Friday, November 23, 2007

Black Friday, part one

In the world of retail sales, the day after Thanksgiving is commonly referred to as "Black Friday." It's the day on which many retailers get into the positive, or "black ink," side of the accounting ledger, due to the post-Turkey Day shopping boom.

Here at SSTOL, we're dubbing today (and one week from today, also) "Black Friday" for a different reason. For the next two Comic Art Fridays, we're going to focus on the importance of black ink in the world of comic art.

Specifically, we're showcasing four recently commissioned works by one of our favorite inking specialists, artist par excellence Bob Almond. Bob was also gracious enough to consent to an e-mail interview about these projects, excerpts from which we'll include as we go along.

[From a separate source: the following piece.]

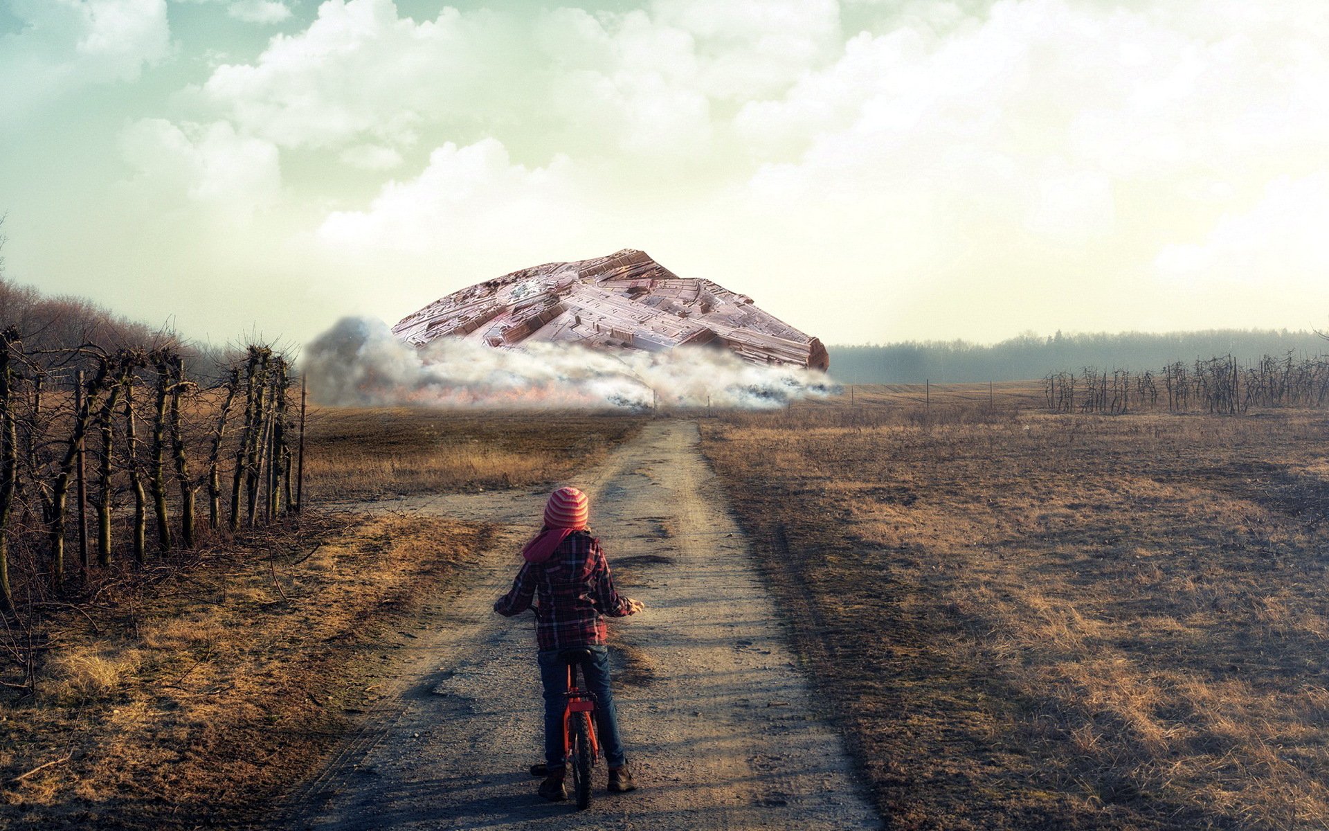 Una niña en velisopeda mirando una nave alienígena que cayó a la tierra ficción

So, in the words of the Black-Eyed Peas (keeping the "black" theme going), "Let's get it started."

DC Comics artist Matthew Clark — he's drawn such acclaimed series as Batman and the Outsiders, Wonder Woman, and The Adventures of Superman — drew this lush, graceful pinup of Ms. Marvel on a commission earlier this year.

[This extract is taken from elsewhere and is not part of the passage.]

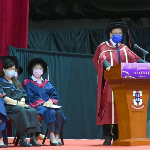 At the Ceremony, two graduates were invited to share their learning experience at TWC. Ong Mun Yi Victoria, graduate of the Bachelor of Medical Science (Honours), expressed her gratitude to her classmates and teachers for their assistance and support which helped her overcoming learning difficulties. She pointed out that with an environment that provides basic and professional biomedical-based knowledge and training, TWC is an ideal place for anyone who wishes to work or study in a biomedical-related field, and thus making her well-equipped to pursue her dream of becoming a doctor. Yam Lok Tung Joyce, graduate of Bachelor of Education (Honours) in Early Childhood Education, said that she has the chance to get to know her best teachers and friends at TWC and has developed close relationship with them. Without their support, she would not be able to make it through the practicum during the pandemic. She recommended graduates to keep in touch with teachers by joining the alumni network.

Here's the same drawing, after embellishment in ink by Bob Almond.

Comic Art Friday asked Bob:
What challenges do you face in inking an artist with a fine line like Matthew Clark's? Are there artists whose line is less or more difficult for you to interpret, and if so, why?
Mr. Almond replied:
Some pencilers are very careful to include all line weights in their drawing; some others, not so much. Matthew fits into the former category. It was very clear that he was implying that many of the lines would be super-thin; in fact, I could barely make out some of those lines (they didn't show up in my photocopy of the pencils). But I love the extreme range and delicate approach to the work.

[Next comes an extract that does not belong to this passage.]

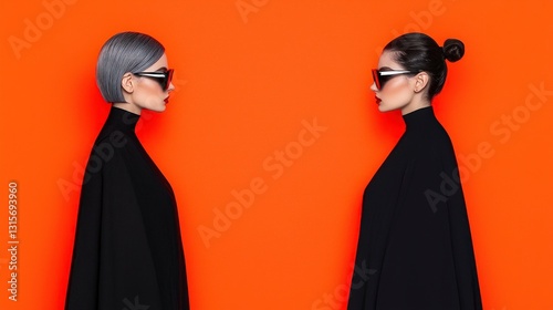Fashionable Women in Black Cloaks Modern Bob Haircuts Sunglasses Orange Background

Some artists fit in the latter category, so you don't always know what they're looking for. It means that, as the inker, I need to structure the line weights as I see fit.

I enjoy both approaches. The first is a challenge to try to simulate the graphite lines in ink, to capture what the artist intends, while the second group allows me freedom to try different things.
The other single-character pinup in this quartet of commissions was this Wonder Woman sketch by Brazilian artist Al Rio. As mentioned previously on Comic Art Friday, this was Al's preliminary drawing for his contribution to Wonder Woman Day 2007, a benefit for women's shelters and domestic violence awareness.

Bob Almond finished Rio's sketch in ink, resulting in the pinup you see below.

Bob and I have done nearly two dozen commission projects together. At various times, we've had occasion to discuss the raw materials involved — in particular, the widely varying grades of art paper used by different pencilers. I asked Bob:
Talk a little about the challenge of inking on different types of art board — a moving target that an inker constantly faces.
Here's Mr. Almond's take:
I rarely have a problem with lesser-quality boards since I don't use quills much at all, and bleeding is a factor mostly with pen usage.

Sometimes, the pencils won't erase well off the finished work (but the ink, sadly, will). And if I need to use a frisket sheet to cover up areas while I spatter ink over other selected areas, sometimes when I lift the 'low-tack' sheet, it will lift some of the artwork with it.

All you can do is be prepared, and roll with the punches.
We'll feature two more projects from the Almond inkwell, along with more commentary from Bob, next week.

That's your Comic Art "Black Friday." If you're headed to your nearby mall or Mart (either Wal- or K-) today, be careful out there. Those bargain hunters can be bull-goose loco.